Skip to content
Prev 177053 / 398503 Next

Random Forests Variable Importance Question

Paul,

To build on what Andy said:
The measures of importance RF provides are just alternative ways of
getting at the same thing: Variable Importance.
For example, MeanDecreaseAccuracy is one of those alternatives. As
Andy said, it does not make sense to look at the absolute importance
value. In a hypothetical case where all importance values seem "high"
but are equal - that means that all variables have the same
importance. In another case, where all importance values seem "low"
but are equal - that means exactly the same thing, that all variables
have the same importance. The point is: the absolute value of
importance is not very helpful.
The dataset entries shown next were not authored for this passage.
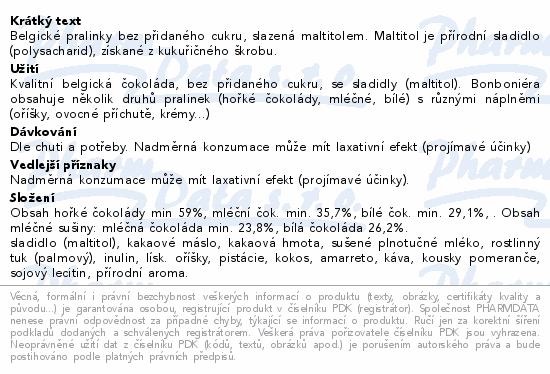 Belgické pralinky bez přidaného cukru, slazená maltitolem. Maltitol je přírodní sladidlo (polysacharid), získané z kukuřičného škrobu.
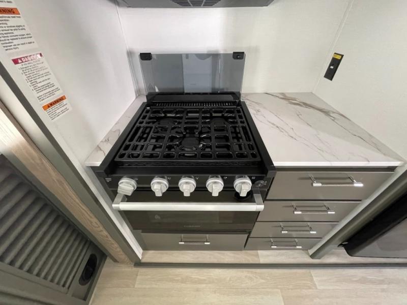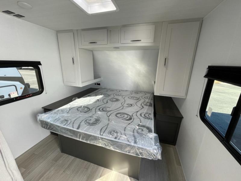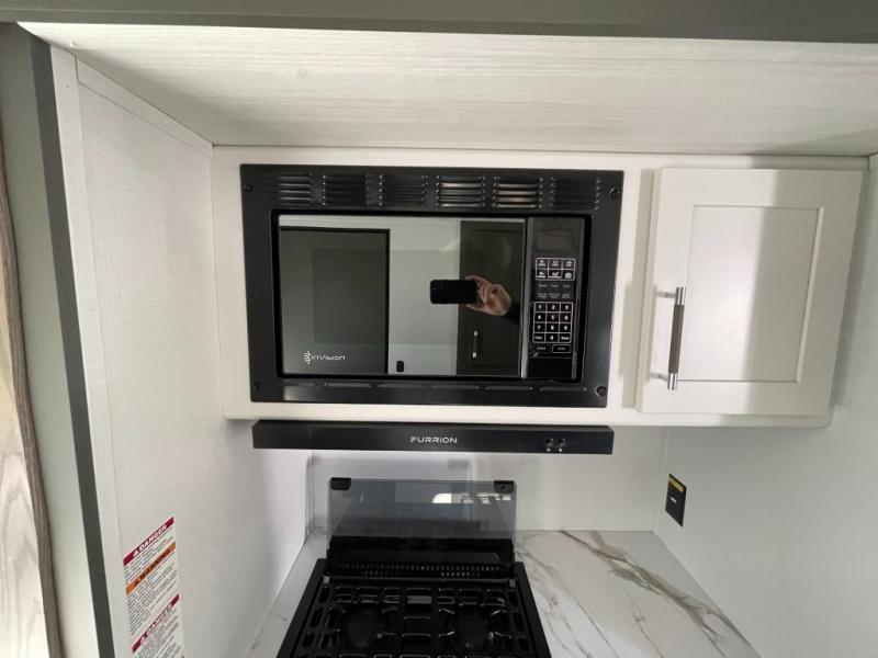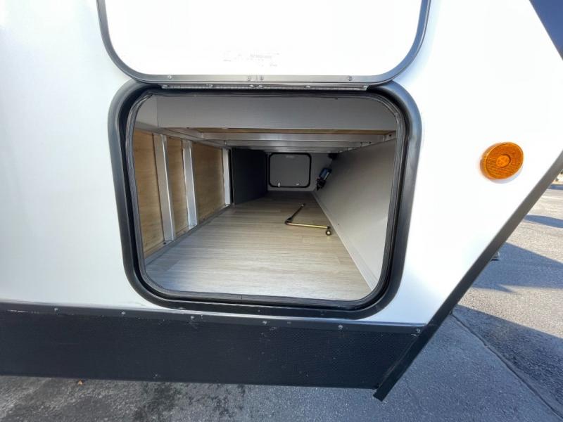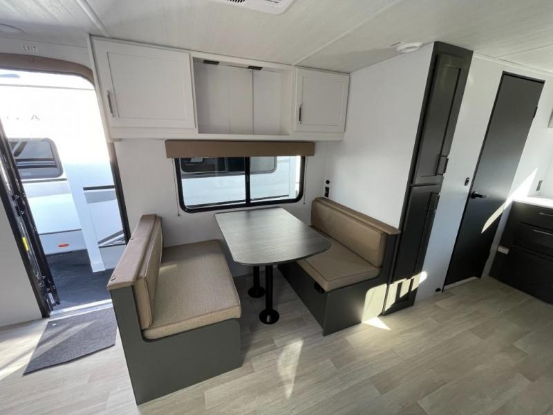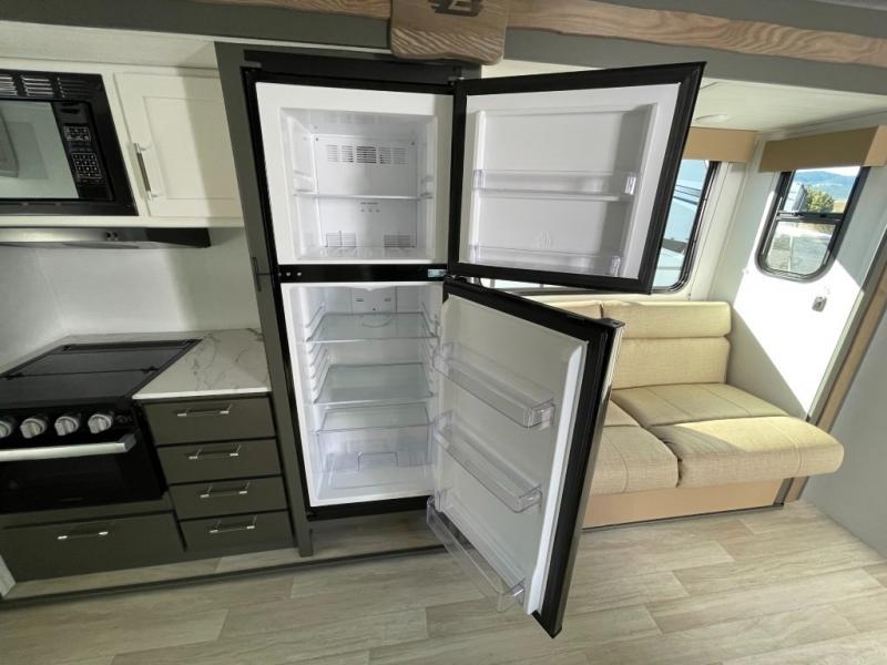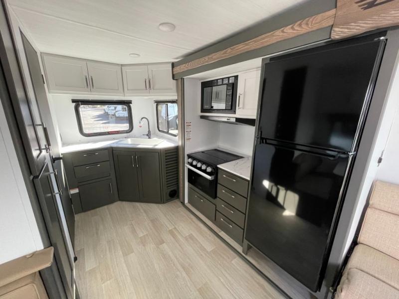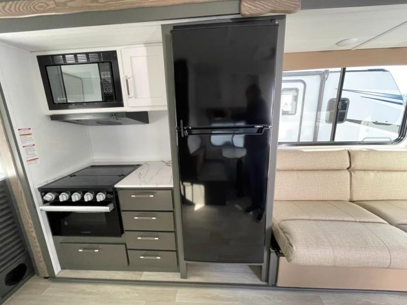 This travel trailer with a large slide out is sure to meet all your needs. When you arrive at the campground, you can put out the patio awning, unload the pass-thru storage, and relax in your camp chairs. The cooktop and microwave oven in the rear corner kitchen will let you make lunch for everyone, and the 8 cu. ft. refrigerator and pantry will help you keep food stocked. You will love having a queen bed to sleep on each night, and the booth dinette and jack knife sofa provide seating and sleeping space for guests!
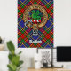 Crachá da crista Clan MacBeth cercado por uma correia e fivela sobre fundo tartano. Texto personalizado.
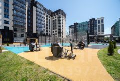 Современная детская игровая и спортивная площадки с безопасным покрытием.
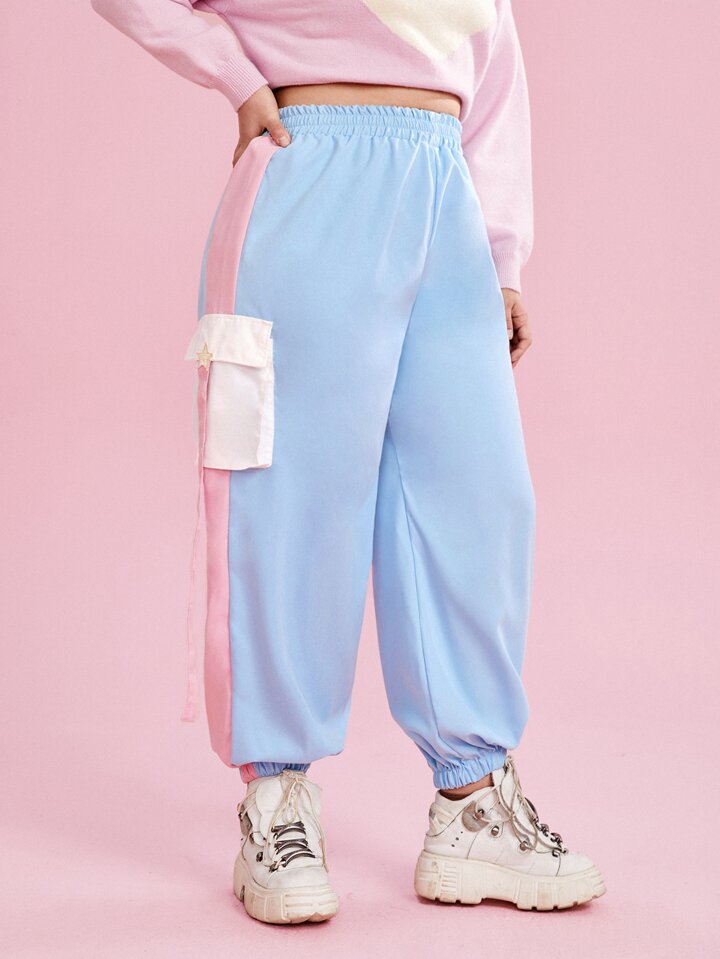 Kawaii بنطلون كارجو ألوان متباينة جيب قلاب مقاس كبير
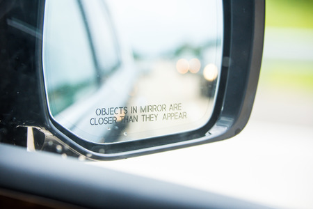 The reflection cars in the mirror of on the road in a foggy overcast day.

One needs to build relative importance
values.
I learned to use it like this (similar to what Andy said):

1. Take RF output for each variable (MeanDecreaseAccuracy - for
example, if the RF object is called "rftest" then I take the vector
as.data.frame(rftest$importance)[1]
2. I divide each variable's (raw) importance by its respective SD
(as.data.frame(rftest$importanceSD)[1])
3. The resulting values that are less than zero are made equal to
zero, as Andy mentioned.
4. I take each value, multiply it by 100 and divide it by the sum of
all the values from step 3.

This way I get relative importance of each predictor and all
importances sum up to 100.